• **Your instructions**
When you reach the line containing "2021年から開設。Disc", start transcribing exactly and continue through the last line of the data, skipping every picture.

[Stored data]
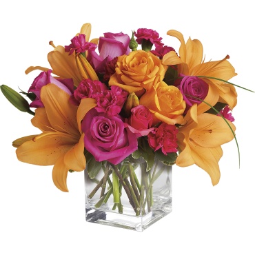 Tres chic! Send that special someone a stylish sentiment with the bright colors of this modern arrangement. Summery hot pinks and oranges are contrasted by the cool clarity of a simple cube vase. An eye-catching everyday choice!
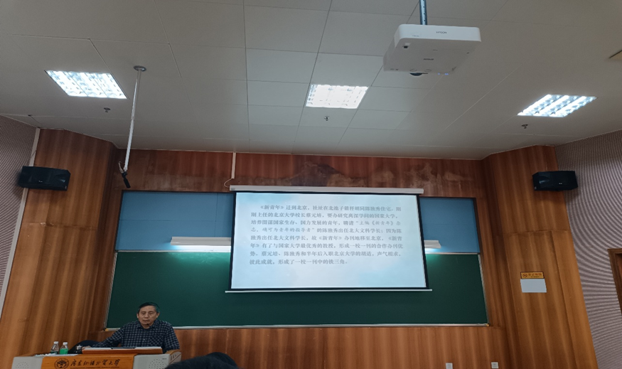 本网讯 2025年11月21日上午,中文学院院庆系列讲座第16讲在白云山校区第七教学楼107室举行。本次讲座邀请河南大学关爱和教授作题为《陈独秀与<新青年>的三个时代》的专题讲座,讲座由陈恩维教授主持,70余名师生参会。
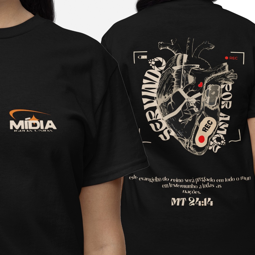 Camiseta Unissex Básica Mídias REC texto biblico Mateus 24 - 100% algodão
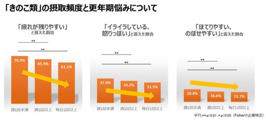 「きのこ類」の摂取頻度が高い人ほど、「疲れが残りやすい」「イライラしている、怒りっぽい」「ほてりやすい、のぼせやすい」と回答する割合が有意に低かった。
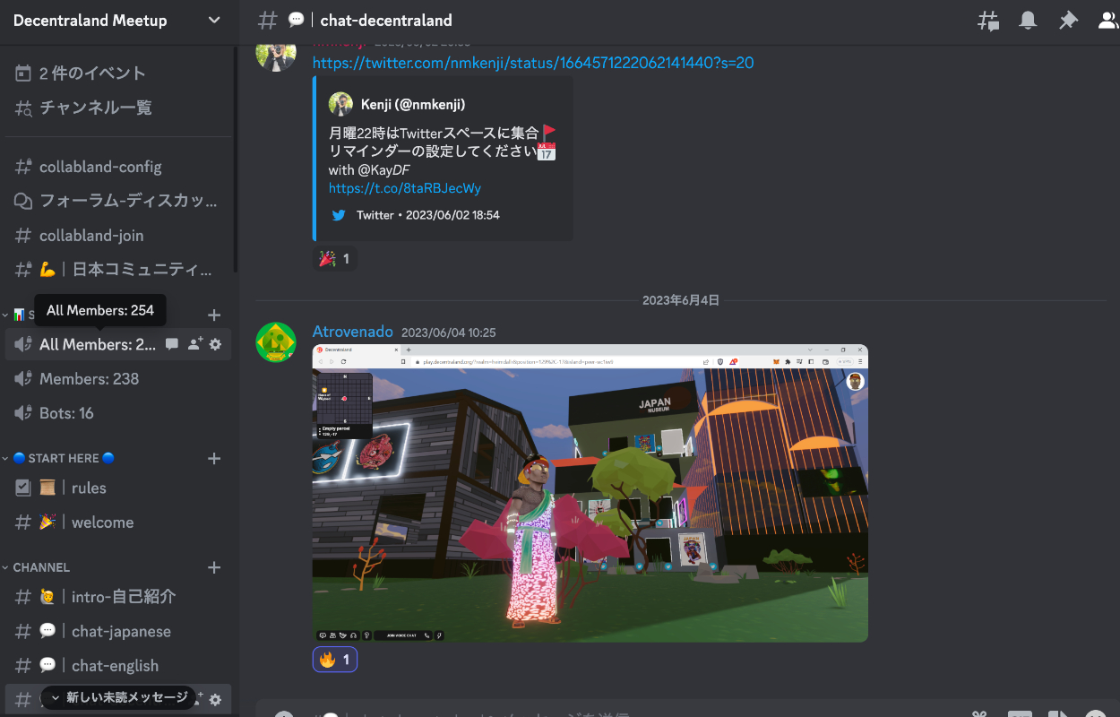 2021年から開設。DiscordとTwitterでの交流がメイン、メタバースクリエイターも多数参加。毎週月曜22時からTwitterスペースも開催。
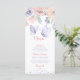 This sweet pastel butterfly baby shower menu is so cute! Beautiful watercolor flowers in soft blush pink and lavender purple. Two pretty butterflies decorate this unique design and add a feminine touch. The elegant calligraphy script font can be changed to any color or style of your choice.

• **Answer space**
 2021年から開設。DiscordとTwitterでの交流がメイン、メタバースクリエイターも多数参加。毎週月曜22時からTwitterスペースも開催。
 This sweet pastel butterfly baby shower menu is so cute! Beautiful watercolor flowers in soft blush pink and lavender purple. Two pretty butterflies decorate this unique design and add a feminine touch. The elegant calligraphy script font can be changed to any color or style of your choice.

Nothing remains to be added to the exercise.